■ The problem
Copy all the records word for word, apart from any pictures.

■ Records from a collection
= Beginning of Section =

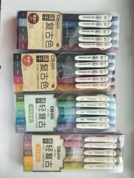 Ensemble de stylos Gel de couleur Vintage, nouveau, séchage rapide, 0.5mm, Clip de reliure, poignée en caoutchouc souple, pointe en balle, stylos rétro, fournitures de papeterie
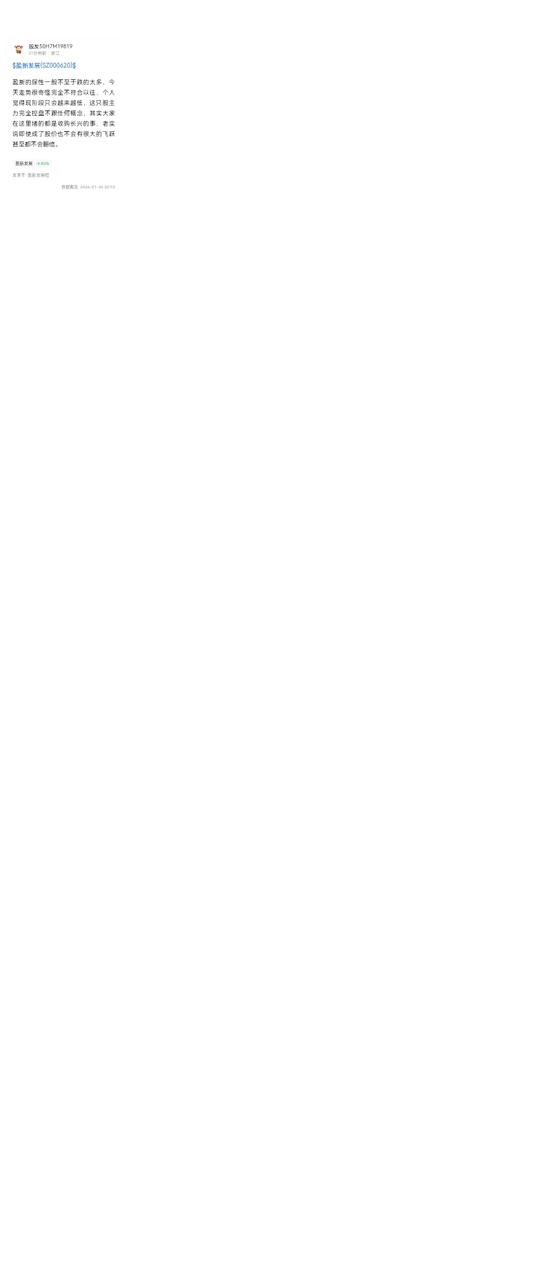 盈新的尿性一般不至于跌的太多,今天走势很奇怪完全不符合以往,个人觉得现阶段只会越来越低,这只股主力完全控盘不跟任何概念,其实大家在这里堵的都是收购长兴的事,老实说即使成了股价也不会有很大的飞跃甚至都不会翻倍。
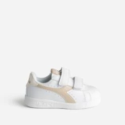 Cette tennis pour petite fille présente une tige en matière synthétique blanche, rythmée de perforations. Les côtés sont signés de lignes beiges striées, le contrefort, d’une touche écrue vernie, et l’étiquette de la languette, d’une variation beige clair. Elle se ferme par scratchs pour faciliter l’autonomie des mini-mains. Un modèle facile à porter au quotidien, avec un look sport ou plus branché.
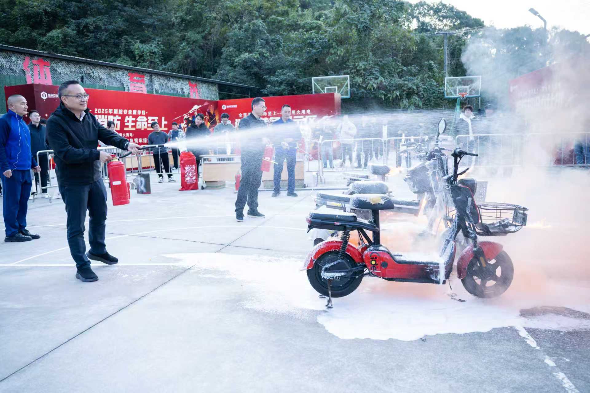 在装备展示区,消防员现场讲解了各类灭火器、消防栓、灭火毯等器材的使用方法和适用场景。干部职工亲手操作、亲身体验,通过实践掌握了消防器材的正确使用方法。针对电动自行车火灾这一高风险隐患,活动还设置了专项灭火演练,大家分组实操,掌握了灭火要领,提升了实战能力。
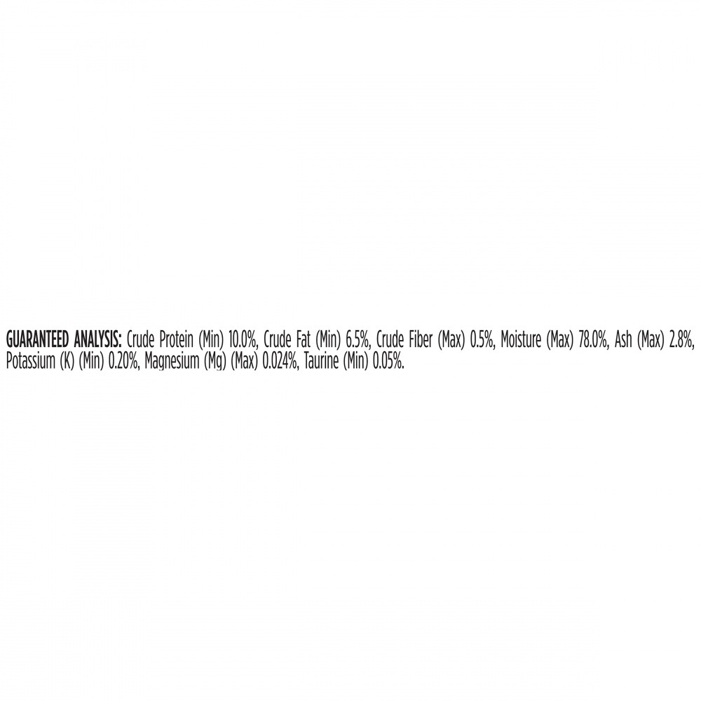 Ocean Whitefish, Meat By-Products, Chicken, Water, Chicken By-Products, Rice, Guar Gum, MINERALS [Potassium Chloride, Zinc Sulfate, Ferrous Sulfate, Manganese Sulfate, Copper Sulfate, Potassium Iodide], Potassium Chloride, Salt, Carrageenan, Choline Chloride, Vitamin E Supplement, VITAMINS [Thiamine Mononitrate, Vitamin E Supplement, Niacin, Calcium Pantothenate, Vitamin A Supplement, Menadione Sodium Bisulfite Complex (Vitamin K), Pyridoxine Hydrochloride, Riboflavin Supplement, Vitamin B-12 Supplement, Biotin, Folic Acid, Vitamin D-3 Supplement], Taurine. C474120Crude Protein (Min)…10.0%, Crude Fat (Min)…6.5%, Crude Fiber (Max)…0.5%, Moisture (Max)…78.0%, Ash (Max)…2.8%, Potassium (K) (Min)…0.20%, Magnesium (Mg) (Max)…0.024%, Taurine (Min)…0.05%

= End of Section =

■ Written reply
 Ensemble de stylos Gel de couleur Vintage, nouveau, séchage rapide, 0.5mm, Clip de reliure, poignée en caoutchouc souple, pointe en balle, stylos rétro, fournitures de papeterie
 盈新的尿性一般不至于跌的太多,今天走势很奇怪完全不符合以往,个人觉得现阶段只会越来越低,这只股主力完全控盘不跟任何概念,其实大家在这里堵的都是收购长兴的事,老实说即使成了股价也不会有很大的飞跃甚至都不会翻倍。
 Cette tennis pour petite fille présente une tige en matière synthétique blanche, rythmée de perforations. Les côtés sont signés de lignes beiges striées, le contrefort, d’une touche écrue vernie, et l’étiquette de la languette, d’une variation beige clair. Elle se ferme par scratchs pour faciliter l’autonomie des mini-mains. Un modèle facile à porter au quotidien, avec un look sport ou plus branché.
 在装备展示区,消防员现场讲解了各类灭火器、消防栓、灭火毯等器材的使用方法和适用场景。干部职工亲手操作、亲身体验,通过实践掌握了消防器材的正确使用方法。针对电动自行车火灾这一高风险隐患,活动还设置了专项灭火演练,大家分组实操,掌握了灭火要领,提升了实战能力。
 Ocean Whitefish, Meat By-Products, Chicken, Water, Chicken By-Products, Rice, Guar Gum, MINERALS [Potassium Chloride, Zinc Sulfate, Ferrous Sulfate, Manganese Sulfate, Copper Sulfate, Potassium Iodide], Potassium Chloride, Salt, Carrageenan, Choline Chloride, Vitamin E Supplement, VITAMINS [Thiamine Mononitrate, Vitamin E Supplement, Niacin, Calcium Pantothenate, Vitamin A Supplement, Menadione Sodium Bisulfite Complex (Vitamin K), Pyridoxine Hydrochloride, Riboflavin Supplement, Vitamin B-12 Supplement, Biotin, Folic Acid, Vitamin D-3 Supplement], Taurine. C474120Crude Protein (Min)…10.0%, Crude Fat (Min)…6.5%, Crude Fiber (Max)…0.5%, Moisture (Max)…78.0%, Ash (Max)…2.8%, Potassium (K) (Min)…0.20%, Magnesium (Mg) (Max)…0.024%, Taurine (Min)…0.05%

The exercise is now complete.